Brain Injury Association of America Position on Definition of Traumatic Brain Injury

The Brain Injury Association of America published its position paper on the definition of traumatic brain injury entitled Conceptualizing Brain Injury as a Chronic Disease.  The organization tasked with providing legislation and lobbying for victims of traumatic brain injury, published its paper in 2009.
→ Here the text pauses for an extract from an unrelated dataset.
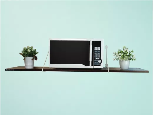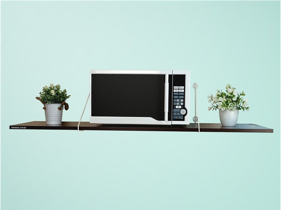 - Полка надежно крепится к стене при помощи анкеров или шурупов с дюбелями, на ней можно разместить микроволновую печь, кухонную технику, посуду, специи

The gist of the paper is that traumatic brain injury is not an event but a process

 

The American Heritage Dictionary defines an event as “the final result; the outcome.” The
Webster’s New World Dictionary defines an injury as “harm or damage.” Traumatic damage to the brain was therefore seen by the industry as an “event.” A broken brain was the equivalent of a broken bone—the final outcome to an insult in an isolated body system. Once it was fixed and given some therapy, no further treatment would be necessary in the near or distant future, and certainly, there would be no effect on other organs of the body.
 
The purpose of this paper is to encourage the classification of a TBI not as an event, not as the final outcome, but rather as the beginning of a disease process. The paper presents the scientific data supporting the fact that neither an acute TBI nor a chronic TBI is a static process—that a TBI impacts multiple organ systems, is disease causative and disease accelerative, and as such, should be paid for and managed on a par with other diseases.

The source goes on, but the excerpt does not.